Speaking at a seminar, which was jointly organised by the Pakistan Consulate General and the Shanghai Foreign Economic Relations and Trade Commission in Shanghai last Thursday, he gave the happy tidings of Pakistan and China, together establishing a comprehensive tax-free trading system within the next two to three years, saying it formed part of the efforts, aimed at transforming their exemplary relations into a strong and vibrant economic partnership.
Significantly, attended by over 200 Chinese entrepreneurs, it was also addressed by local Chinese business leaders, Madam Jian Heping and Wang Lie. Speaking at length on the scope of Sino-Pak future economic relations, Akhtar said these would get a big boost under the Early Harvest Programme, a part of PTA, which is marked for enforcement in January 2006.

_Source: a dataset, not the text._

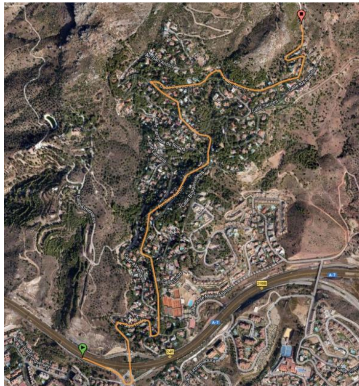
Imagen 4. Mapa de la ruta circular

b) Si la ruta que queremos realizar es la ruta circular que comienza por la parte este:

Again, highlighting the prospects of joint ventures and investment opportunities in Pakistan, he urged the Chinese entrepreneurs to benefit from liberal business environment being provided to them in Pakistan. Moreover, elaborating on the importance of EHP, the Minister pointed out that it secured market access of a number of mutually agreed items of export interest, which would attract zero tariffs by January 1, 2006.
Referring to its prospects, he pointed out that Pakistan has allowed access to China's organic chemicals and machinery on which tariff would be eliminated for most of the items in two years. As against this, access to Pakistani items would cover, among others, industrial alcohol, bed-linen, table linen, other home textiles, towels, cotton and blended fabrics, besides marble products, surgical goods, sports goods.
At the same time, he said that both sides would simultaneously eliminate tariff on certain fruits and vegetables too. More to this, the Minister also observed that the ambit of the Preferential Trade Agreement has been further enlarged, making it part of the EHP.
Mention, in this regard, may also be made of his exhortation to Chinese investors, pointing out that Pakistan provides transparent and liberal investment regime.
Understandable, as such, should be his reference to increased prospects of investment in infrastructure, in view of initiatives being vigorously pursued alike by the Federal and provincial governments, especially, citing projects like the Textile City and Garment City, which should have enough appeal to Chinese investors.
For, while focusing the textile sector, he made a pointed reference to availability, in abundance, in Pakistan not only of the raw materials, but also of skills it requires. Needless to point out, the ideal combination should serve as nothing short of a, seemingly, irresistible invitation to prospective Chinese investors, with a keen eye on this lucrative segment of the country's manufacturing industries.
Reference in this regard may also be made to his elaboration that the bilateral EHP would provide opportunities for import of machinery from China to Pakistan at zero duty, and that the Chinese investors could get the benefits of foreign markets for export of products manufactured in Pakistan. It will be recalled that alive to such prospects, teams of Chinese textile industries paid several visits to this country by way of exploring its entire potential.
However, as a great deal has changed over the years past, one can certainly look forward to fruition of ideas of increased co-operation between the businessmen from both the countries from the thrust mutual gains.